-- DATA TO EXAMINE --
========================================

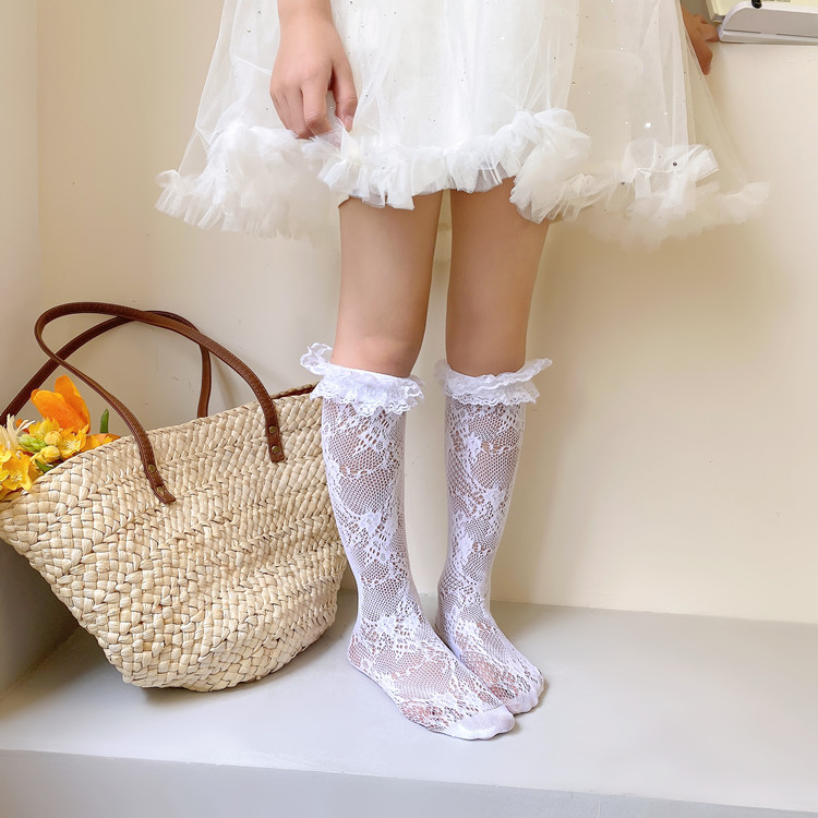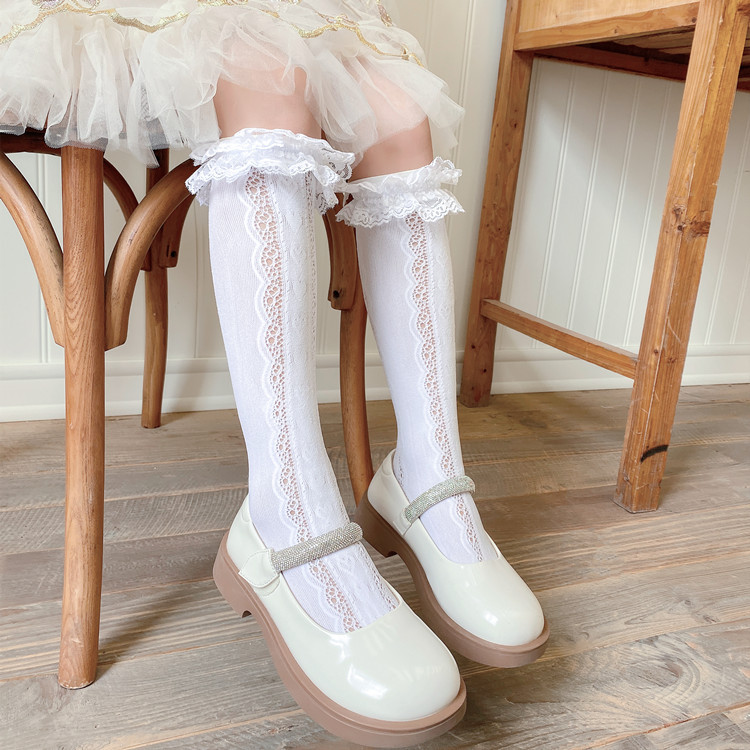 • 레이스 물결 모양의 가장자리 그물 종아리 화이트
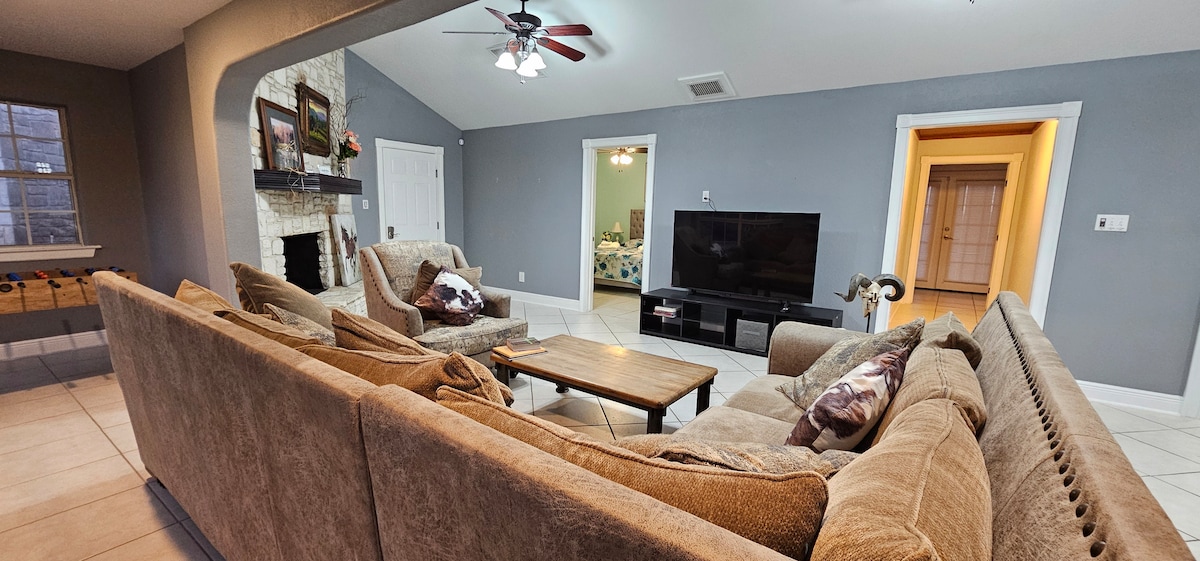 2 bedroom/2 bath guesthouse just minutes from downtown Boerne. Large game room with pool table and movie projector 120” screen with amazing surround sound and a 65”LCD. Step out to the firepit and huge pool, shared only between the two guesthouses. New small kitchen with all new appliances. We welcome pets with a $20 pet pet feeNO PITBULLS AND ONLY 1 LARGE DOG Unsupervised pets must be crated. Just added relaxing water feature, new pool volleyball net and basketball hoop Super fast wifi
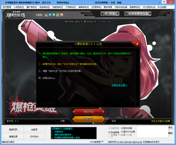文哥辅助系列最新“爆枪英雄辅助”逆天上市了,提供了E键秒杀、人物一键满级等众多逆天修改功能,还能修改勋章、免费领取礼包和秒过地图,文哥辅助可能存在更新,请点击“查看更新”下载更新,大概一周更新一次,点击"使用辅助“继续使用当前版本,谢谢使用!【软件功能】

========================================

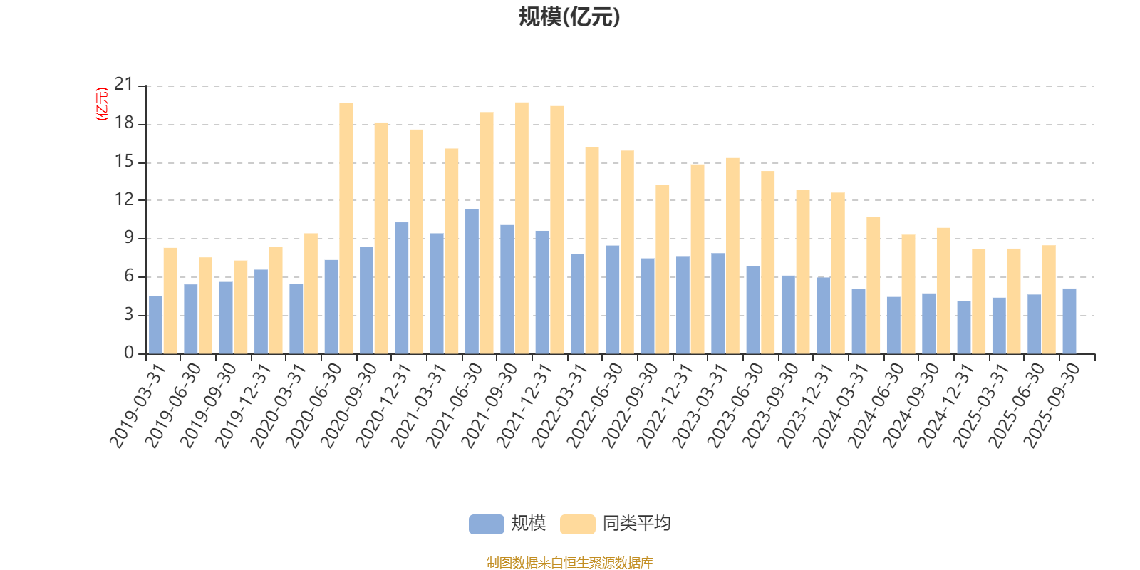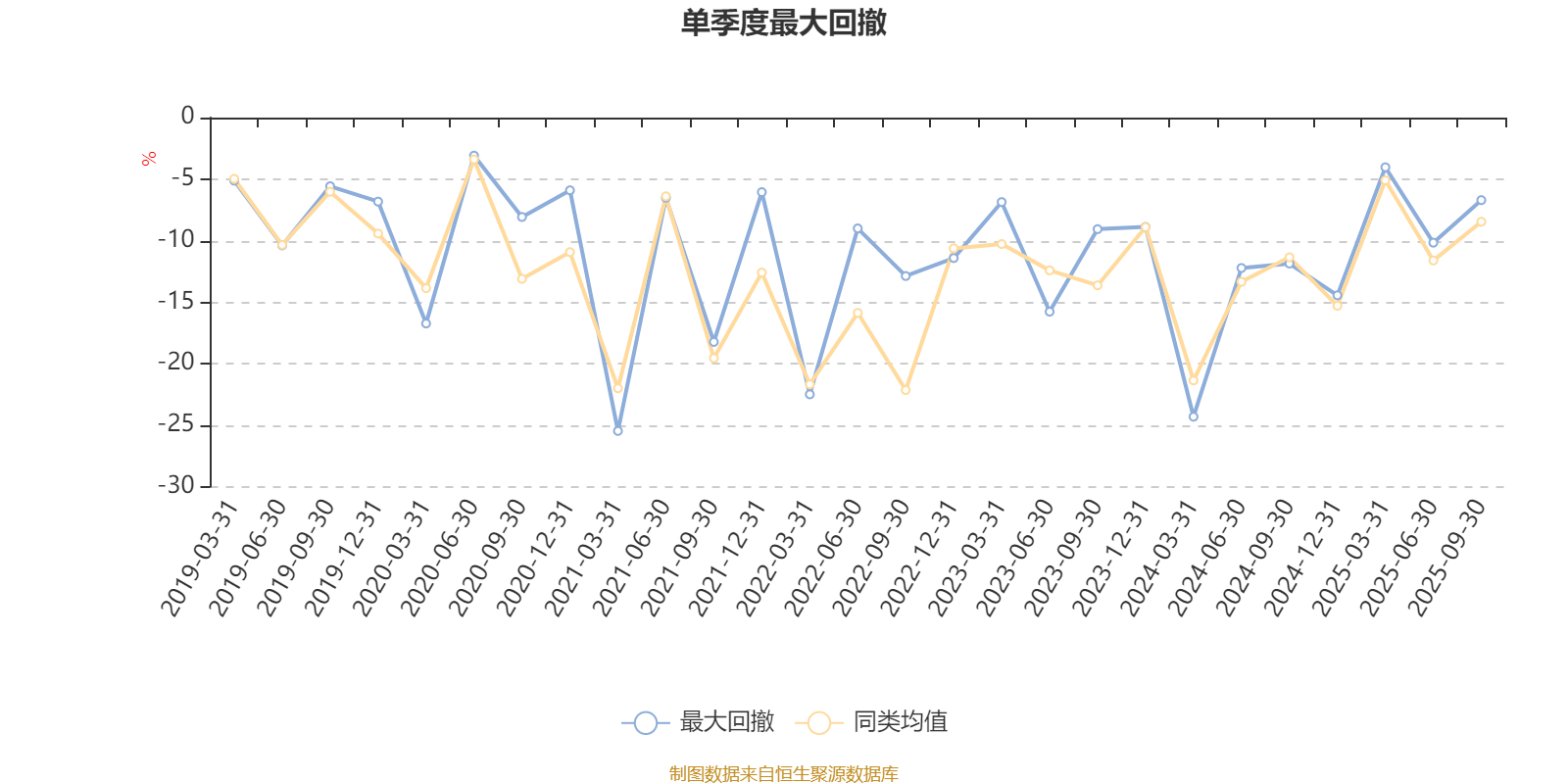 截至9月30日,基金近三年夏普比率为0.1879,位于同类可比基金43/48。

========================================

Copy the lines above between the one holding "가장자리 그물 종아리 화이트" and the one holding "2 bedroom/2 bath", inclusive. Drop the pictures.

 • 레이스 물결 모양의 가장자리 그물 종아리 화이트
 2 bedroom/2 bath guesthouse just minutes from downtown Boerne. Large game room with pool table and movie projector 120” screen with amazing surround sound and a 65”LCD. Step out to the firepit and huge pool, shared only between the two guesthouses. New small kitchen with all new appliances. We welcome pets with a $20 pet pet feeNO PITBULLS AND ONLY 1 LARGE DOG Unsupervised pets must be crated. Just added relaxing water feature, new pool volleyball net and basketball hoop Super fast wifi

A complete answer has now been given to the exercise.